# [WORK TO COMPLETE]
Each line below should be retyped exactly, with no pictures.

====

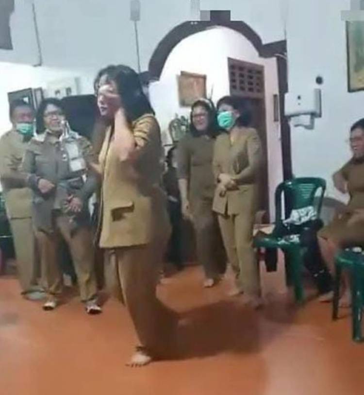 Dilihat detikcom, Kamis (13/1/2022), di dalam video terlihat seorang wanita menggunakan seragam PNS berjoget di sebuah ruangan. Wanita itu dikelilingi oleh rekan-rekannya yang juga menggunakan seragam PNS.
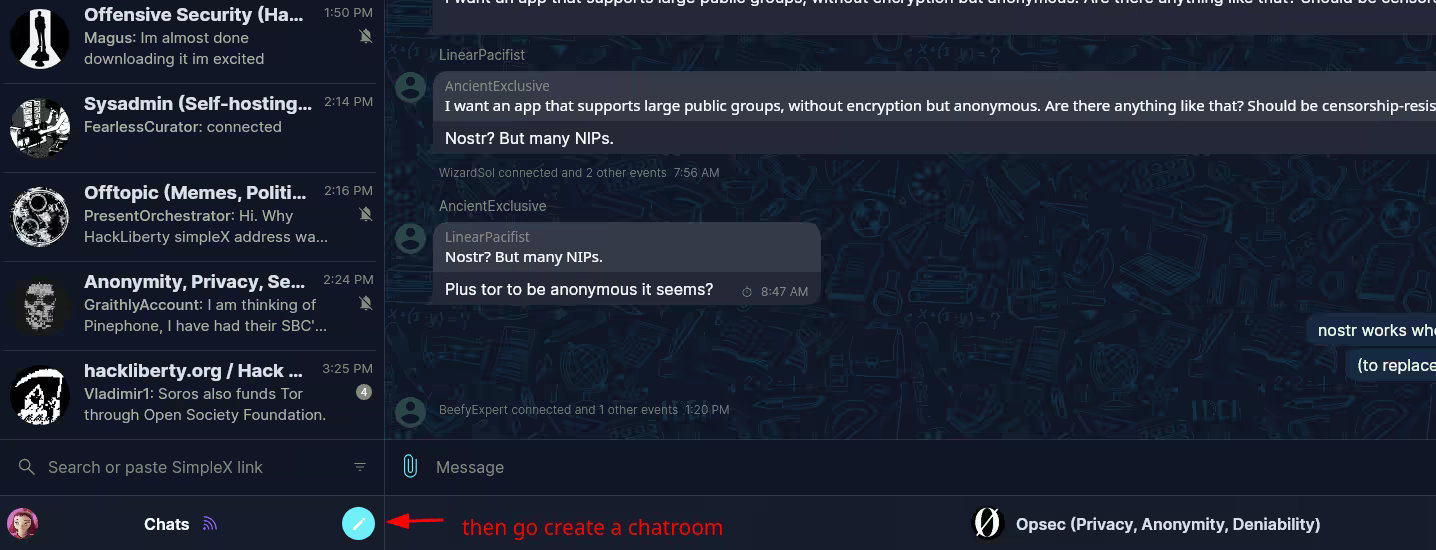 Now that we are using our own simplex servers, we can create a chatrooms in incognito mode (meaning that our username will simply be a random noun and adjective):
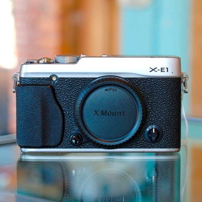 The Fujifilm X-E1 is a compact mirrorless digital camera with traditional dial-based controls, a pretty decentEVF, a 16mp sensor, and HD video capability. Compatible with Fuji X-mount lenses (sold separately), this is a rangefinder-stylecamera with big-camera performance. In adequate cosmetic condition, with some paint wear; rear screen has a few minor scratches. Clearly used, but a pretty solid mirrorless body nevertheless. Includes battery and charger.
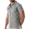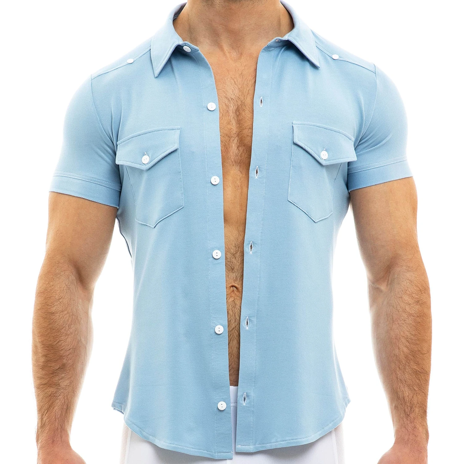 Chemisette cintrée très sexy de couleur unie en mélange de viscose et de microfibre imitant le jeans. Fermeture 6 boutons. 2 poches sur la poitrine. Rivets métalliques signés Modus Vivendi.
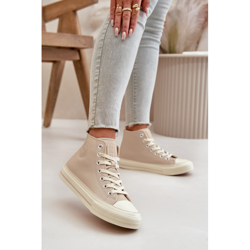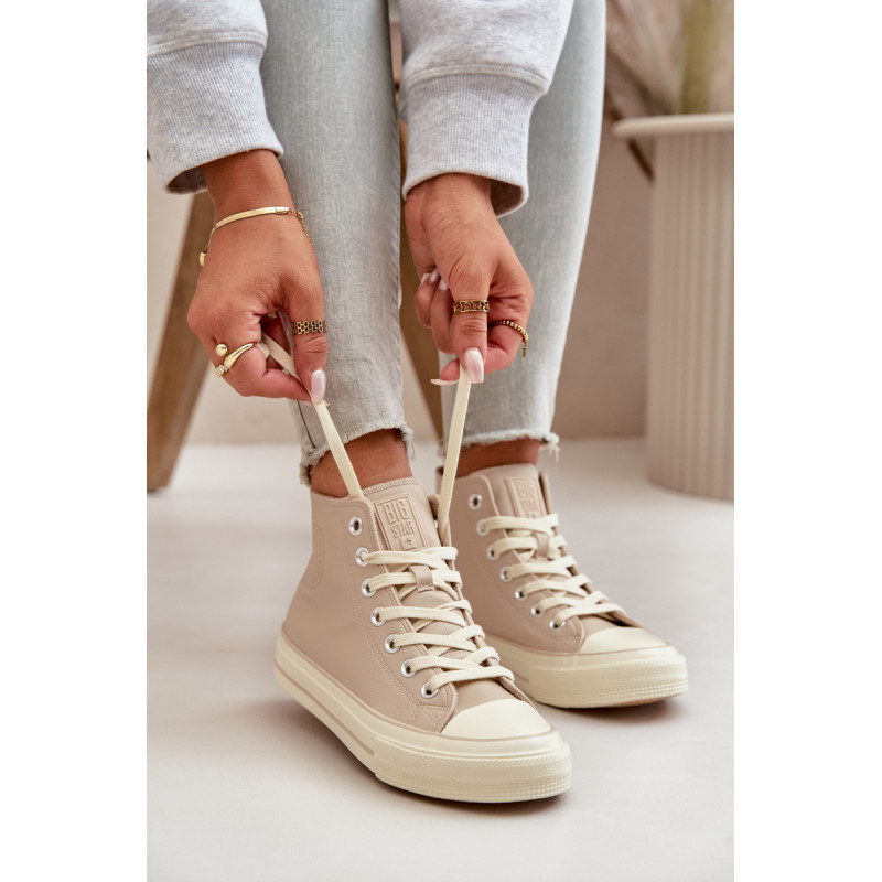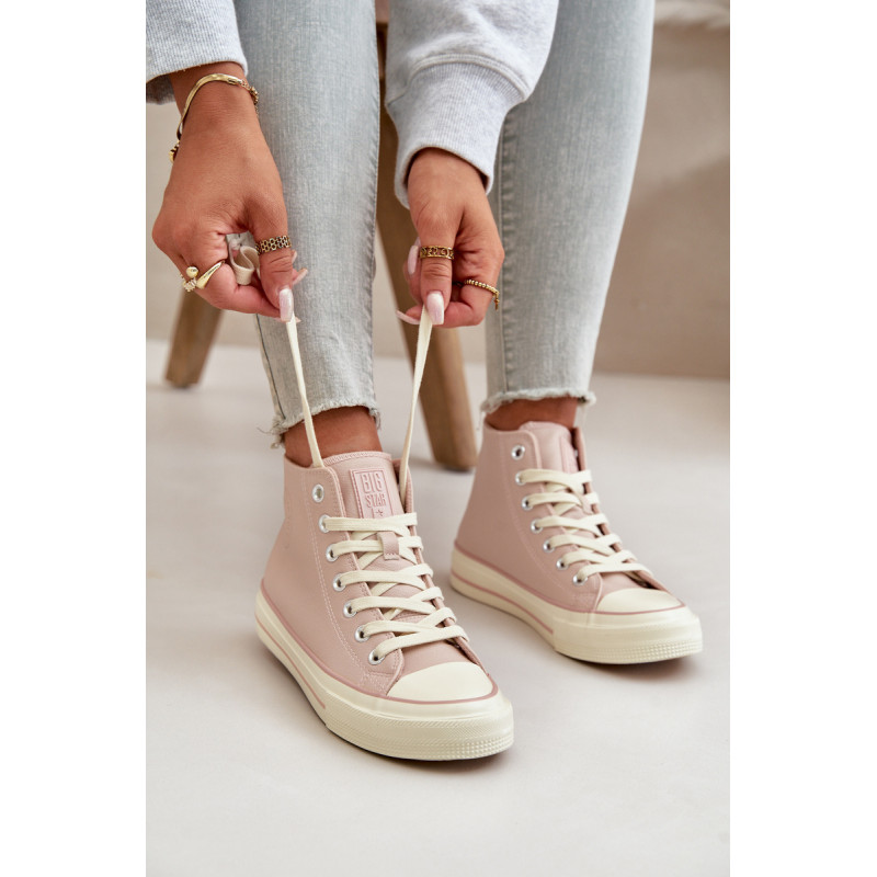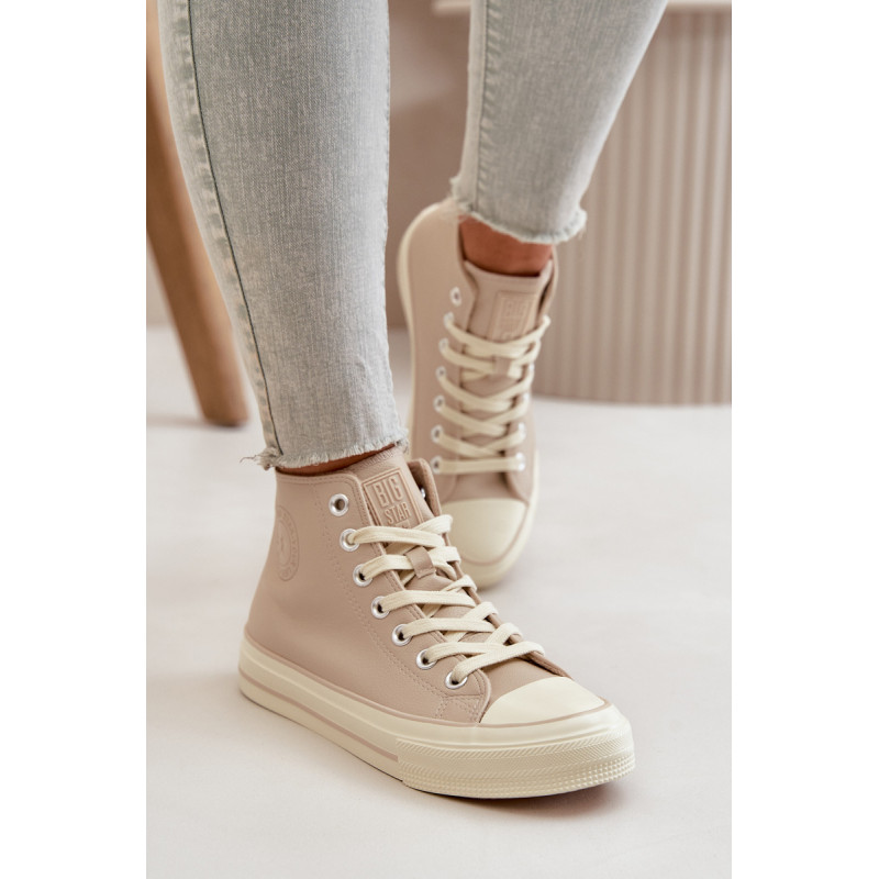 BIG STAR prekės ženklo moteriški sportbačiai su viršutine dalimi iki kulkšnių. Pagaminta iš eko odos. Pastatykite ant guminio pado. Pirštai suapvalinti. Vidus apšiltintas batų vilna. Būtinai peržiūrėkite visą mūsų BIG STAR batų kolekciją. Rinkdamiesi dydį, žiūrėkite dydžių lentelę.

====

# [RESPONSE BOX]
 Dilihat detikcom, Kamis (13/1/2022), di dalam video terlihat seorang wanita menggunakan seragam PNS berjoget di sebuah ruangan. Wanita itu dikelilingi oleh rekan-rekannya yang juga menggunakan seragam PNS.
 Now that we are using our own simplex servers, we can create a chatrooms in incognito mode (meaning that our username will simply be a random noun and adjective):
 The Fujifilm X-E1 is a compact mirrorless digital camera with traditional dial-based controls, a pretty decentEVF, a 16mp sensor, and HD video capability. Compatible with Fuji X-mount lenses (sold separately), this is a rangefinder-stylecamera with big-camera performance. In adequate cosmetic condition, with some paint wear; rear screen has a few minor scratches. Clearly used, but a pretty solid mirrorless body nevertheless. Includes battery and charger.
 Chemisette cintrée très sexy de couleur unie en mélange de viscose et de microfibre imitant le jeans. Fermeture 6 boutons. 2 poches sur la poitrine. Rivets métalliques signés Modus Vivendi.
 BIG STAR prekės ženklo moteriški sportbačiai su viršutine dalimi iki kulkšnių. Pagaminta iš eko odos. Pastatykite ant guminio pado. Pirštai suapvalinti. Vidus apšiltintas batų vilna. Būtinai peržiūrėkite visą mūsų BIG STAR batų kolekciją. Rinkdamiesi dydį, žiūrėkite dydžių lentelę.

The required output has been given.